• **ASSIGNED TASK**
Write out word for word each line of the records, beginning at the first and stopping after the line with "初のKO賞を受賞した矢吹は、". Leave the pictures out.

Top of PROVIDED MATERIAL

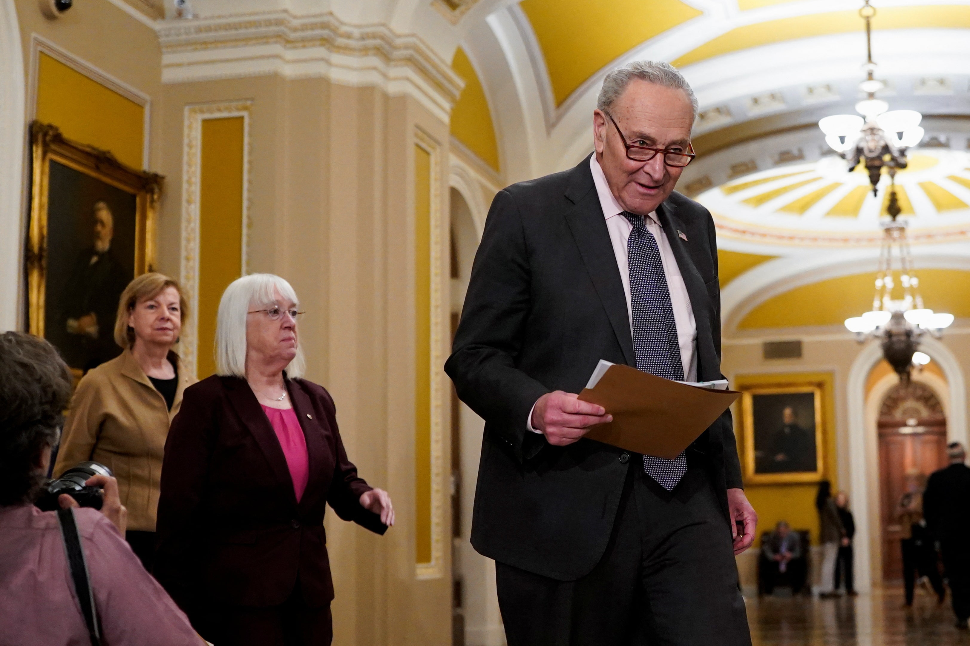 参议院少数党领袖查克·舒默(D-NY)在2025年2月25日美国华盛顿特区国会山参加参议院民主党每周政策午餐的当天走过。华盛顿,3月17日(路透社) - 面对党内反对声浪,顶级参议院民主党人查克·舒默表示他不会阻止一项共和党的支出法案,因此推迟了本周计划的公开活动,出于安全原因,根据他原定出席的多个场所的消息。
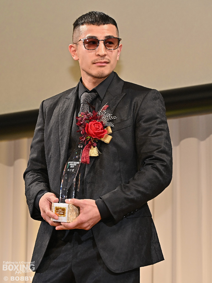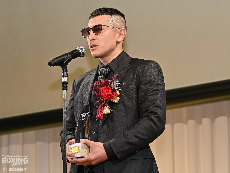 初のKO賞を受賞した矢吹は、「タフで一度もダウンしたことがない選手を倒せた。賞は何でもいただけたらうれしいので、特にこだわりはない。昨年は強い選手と激闘した1年だった」と振り返った。
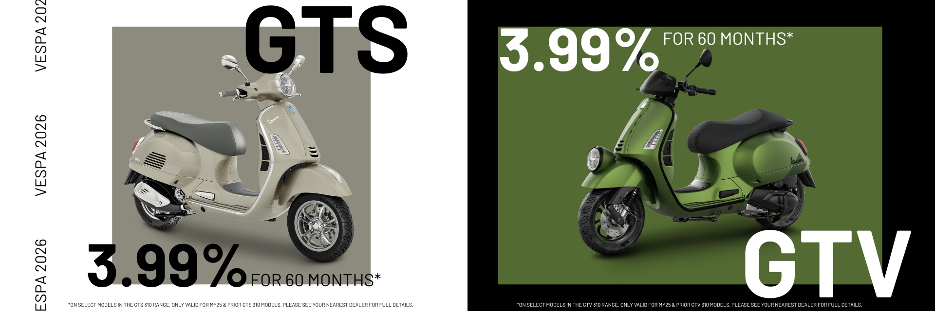 (3) 1.99% for 48 Months [1.99% APR*] Installment Promo – *Example: On a purchase where the Amount Financed is $3,960, your Down Payment is $439 with 48 monthly payments of $85.90 each. Interest Rate is 1.99% [ANNUAL PERCENTAGE RATE 1.99% (E)]. Note: The above financing programs are offered by Sheffield Financial, a Division of Branch Banking and Trust Company, Member FDIC. Subject to credit approval. Approval, and any rates and terms provided, are based on credit worthiness. Other financing offers are available. See your local dealer for details. Rate advertised is based on minimum bureau risk score of 660. Minimum Amount Financed $1,500; Maximum Amount Financed $50,000. Other qualifications and restrictions may apply. An origination fee of $125.00 will be added to the amount financed in the above example. Financing promotions void where prohibited. Offer effective on eligible and qualified Vespa MY25 & Prior Primavera 50 & 150, and MY25 & Prior Sprint 50 & 150 models from a participating Sheffield dealer. The $3,960 Amount Financed is estimated with qualified Vespa Primavera 50 MY25 with a MSRP $4,399 minus $439 Down Payment. Amount Financed excludes taxes, title, and license fees. Other fees may apply. See dealer for product eligibility and qualifications between 01/01/2026 through 03/31/2026. Offer subject to change without notice. [“E” means estimate.] (4) 3.99% for 60 Months [3.99% APR*] Installment Promo – *Example: On a purchase where the Amount Financed is $7,110, your Down Payment is $789 with 60 monthly payments of $130.91 each. Interest Rate is 3.99% [ANNUAL PERCENTAGE RATE 3.99% (E)]. Note: The above financing programs are offered by Sheffield Financial, a Division of Branch Banking and Trust Company, Member FDIC. Subject to credit approval. Approval, and any rates and terms provided, are based on credit worthiness. Other financing offers are available. See your local dealer for details. Rate advertised is based on minimum bureau risk score of 660. Minimum Amount Financed $1,500; Maximum Amount Financed $50,000. Other qualifications and restrictions may apply. An origination fee of $125.00 will be added to the amount financed in the above example. Financing promotions void where prohibited. Offer effective on eligible and qualified Vespa MY25 & Prior GTS and GTV models from a participating Sheffield dealer. The $7,110 Amount Financed is estimated with qualified Vespa GTS 300 MY25 with a MSRP $7,899 minus $789 Down Payment. Amount Financed excludes taxes, title, and license fees. Other fees may apply. See dealer for product eligibility and qualifications between 01/01/2026 through 03/31/2026. Offer subject to change without notice. [“E” means estimate.]
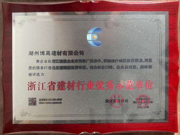 浙江省誠信經(jīng)營優(yōu)秀建材企業(yè)
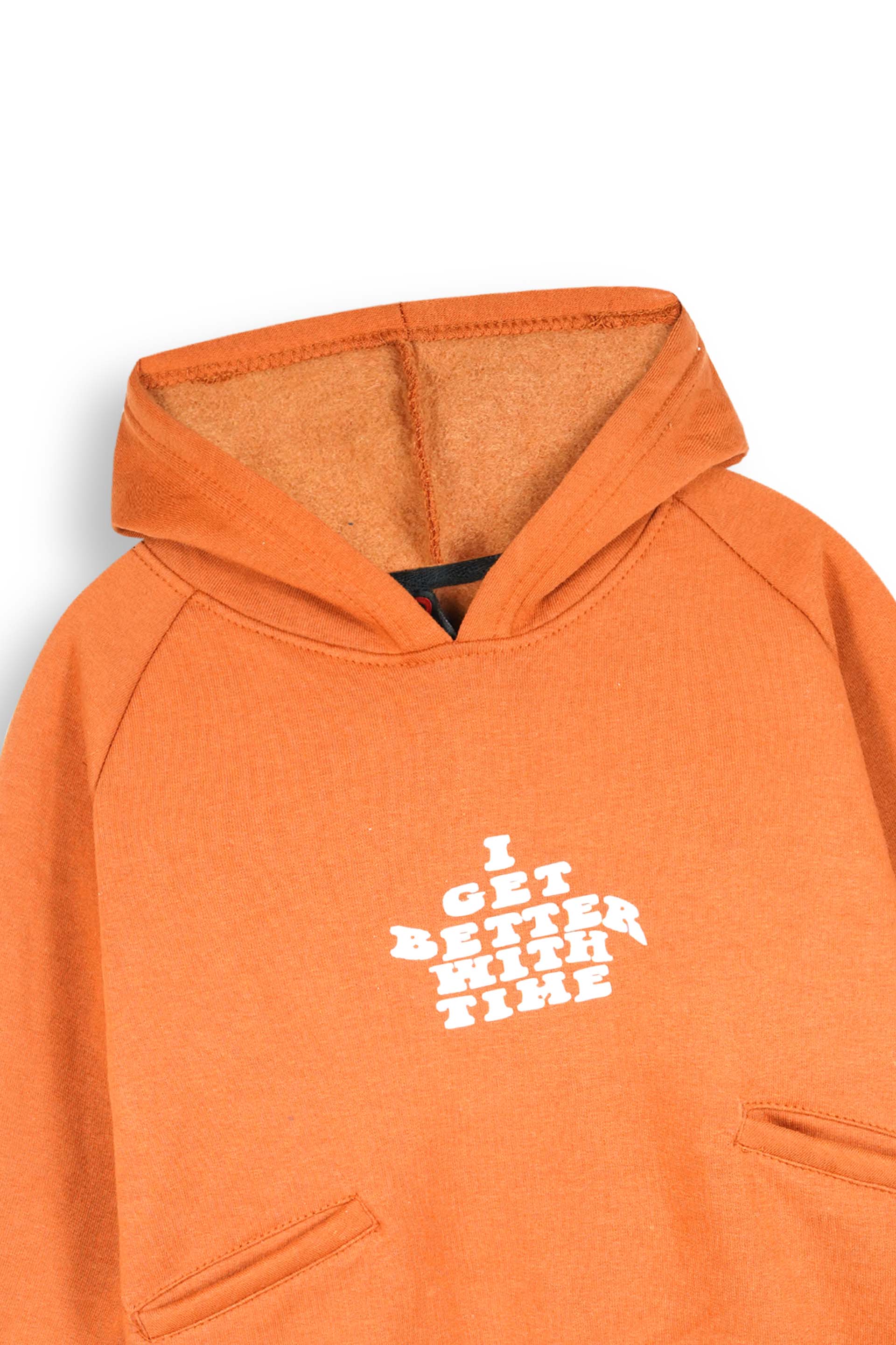 Stay warm and stylish this winter with our Burnt Orange Fleece Tracksuit, made from 100% premium cotton fleece for unbeatable comfort and softness. This trendy two-piece set includes a hooded sweatshirt with a motivational “I GET BETTER WITH TIME” print and matching fleece jogger pants, creating the perfect balance of fashion and function.

Bottom of PROVIDED MATERIAL

• **SOLVED PROBLEM**
 参议院少数党领袖查克·舒默(D-NY)在2025年2月25日美国华盛顿特区国会山参加参议院民主党每周政策午餐的当天走过。华盛顿,3月17日(路透社) - 面对党内反对声浪,顶级参议院民主党人查克·舒默表示他不会阻止一项共和党的支出法案,因此推迟了本周计划的公开活动,出于安全原因,根据他原定出席的多个场所的消息。
 初のKO賞を受賞した矢吹は、「タフで一度もダウンしたことがない選手を倒せた。賞は何でもいただけたらうれしいので、特にこだわりはない。昨年は強い選手と激闘した1年だった」と振り返った。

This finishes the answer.